== The problem ==
From the line containing "Nepomenik doveo ih" to the line containing "1일차는 수오멘린나를 마지막으로 마무리 했어요." in the entries below, reproduce every line exactly, ends included. Nothing else belongs in the copy, and no pictures.

== Listed records ==
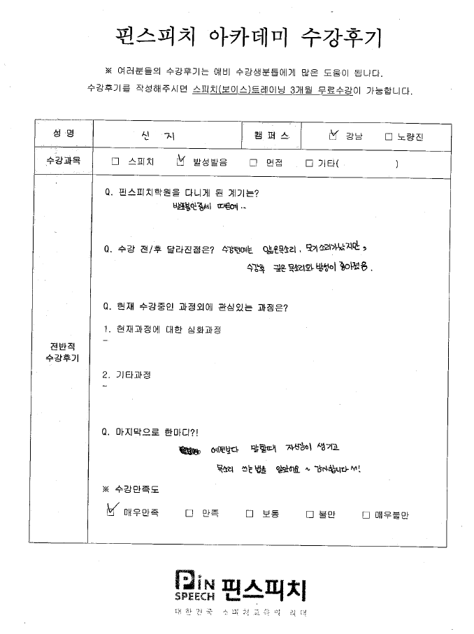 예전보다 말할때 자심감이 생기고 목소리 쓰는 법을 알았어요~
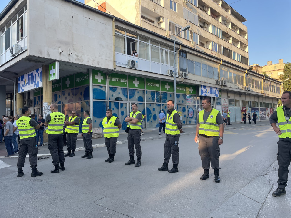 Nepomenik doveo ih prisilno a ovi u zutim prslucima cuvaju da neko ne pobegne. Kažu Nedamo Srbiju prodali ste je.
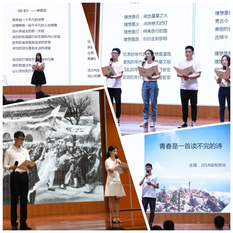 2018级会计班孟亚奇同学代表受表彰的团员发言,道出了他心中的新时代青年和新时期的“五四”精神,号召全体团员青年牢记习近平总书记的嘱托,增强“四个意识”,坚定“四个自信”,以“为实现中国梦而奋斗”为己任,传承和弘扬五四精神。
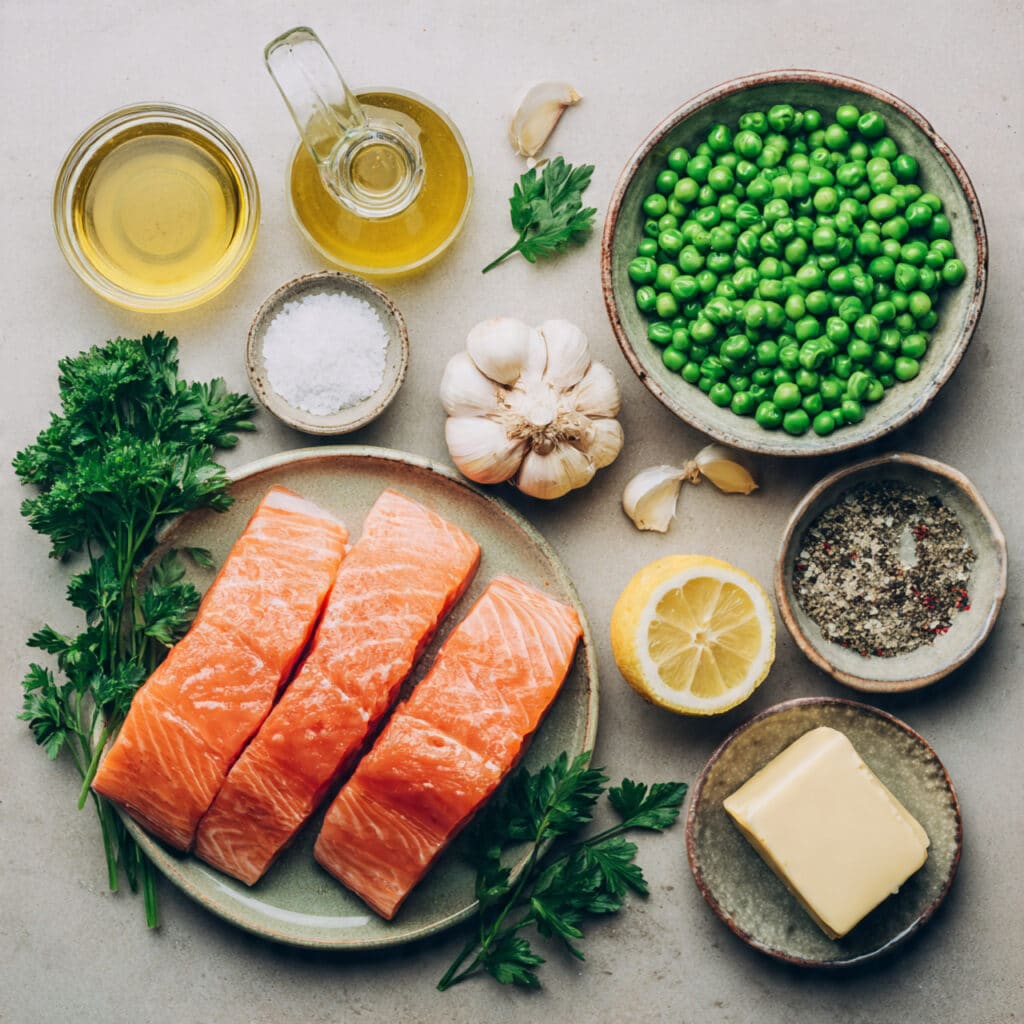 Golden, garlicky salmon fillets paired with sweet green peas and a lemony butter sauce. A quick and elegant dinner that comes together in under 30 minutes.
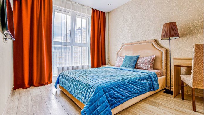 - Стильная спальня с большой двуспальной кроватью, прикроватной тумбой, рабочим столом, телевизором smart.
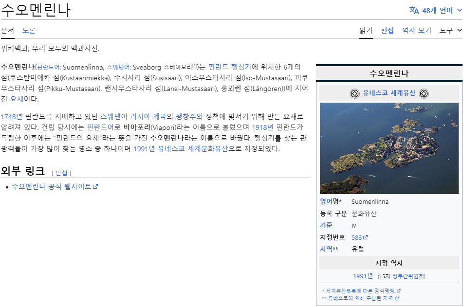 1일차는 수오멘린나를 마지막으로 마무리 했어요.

...

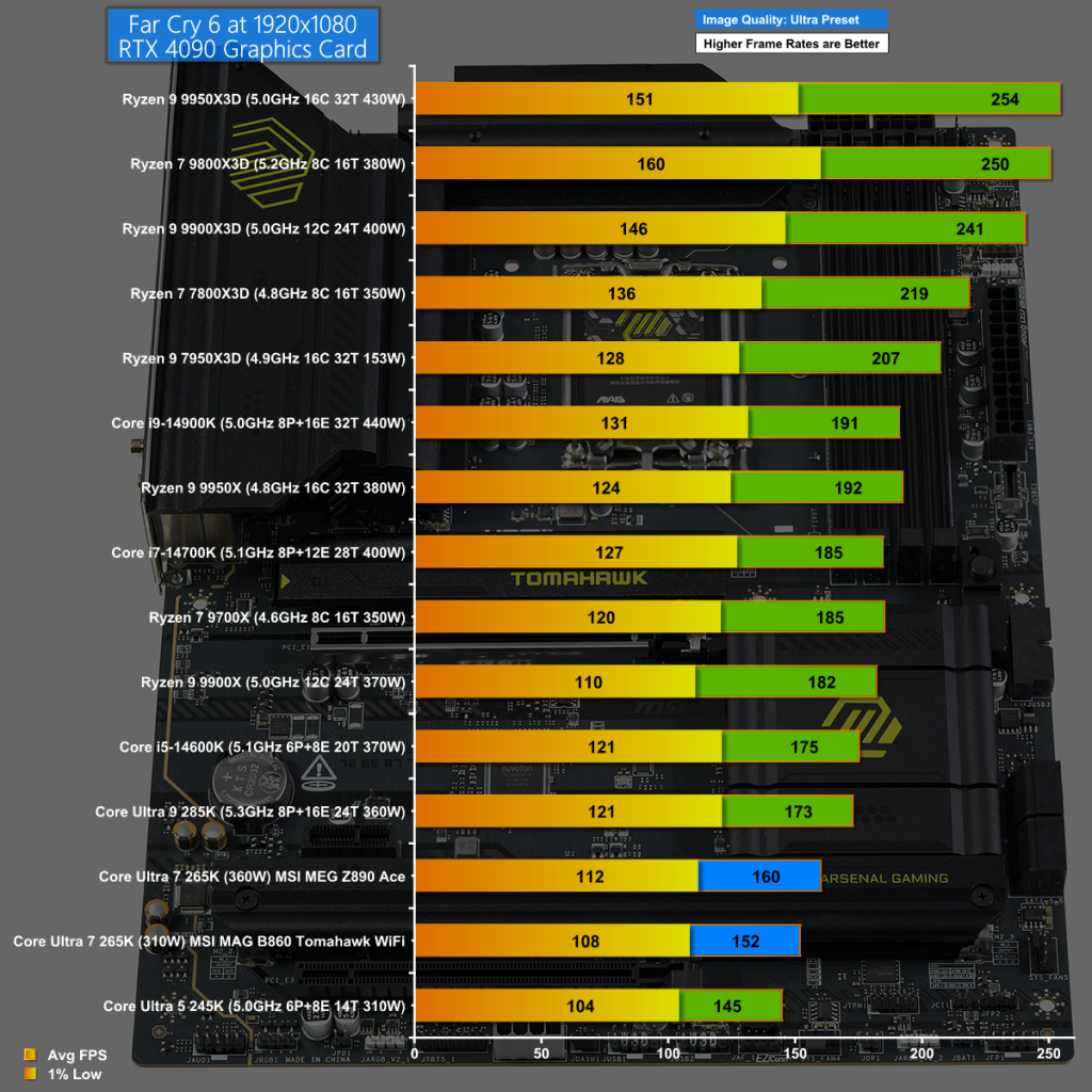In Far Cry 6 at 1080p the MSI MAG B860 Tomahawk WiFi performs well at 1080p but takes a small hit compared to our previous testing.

== Response to this task ==
 Nepomenik doveo ih prisilno a ovi u zutim prslucima cuvaju da neko ne pobegne. Kažu Nedamo Srbiju prodali ste je.
 2018级会计班孟亚奇同学代表受表彰的团员发言,道出了他心中的新时代青年和新时期的“五四”精神,号召全体团员青年牢记习近平总书记的嘱托,增强“四个意识”,坚定“四个自信”,以“为实现中国梦而奋斗”为己任,传承和弘扬五四精神。
 Golden, garlicky salmon fillets paired with sweet green peas and a lemony butter sauce. A quick and elegant dinner that comes together in under 30 minutes.
 - Стильная спальня с большой двуспальной кроватью, прикроватной тумбой, рабочим столом, телевизором smart.
 1일차는 수오멘린나를 마지막으로 마무리 했어요.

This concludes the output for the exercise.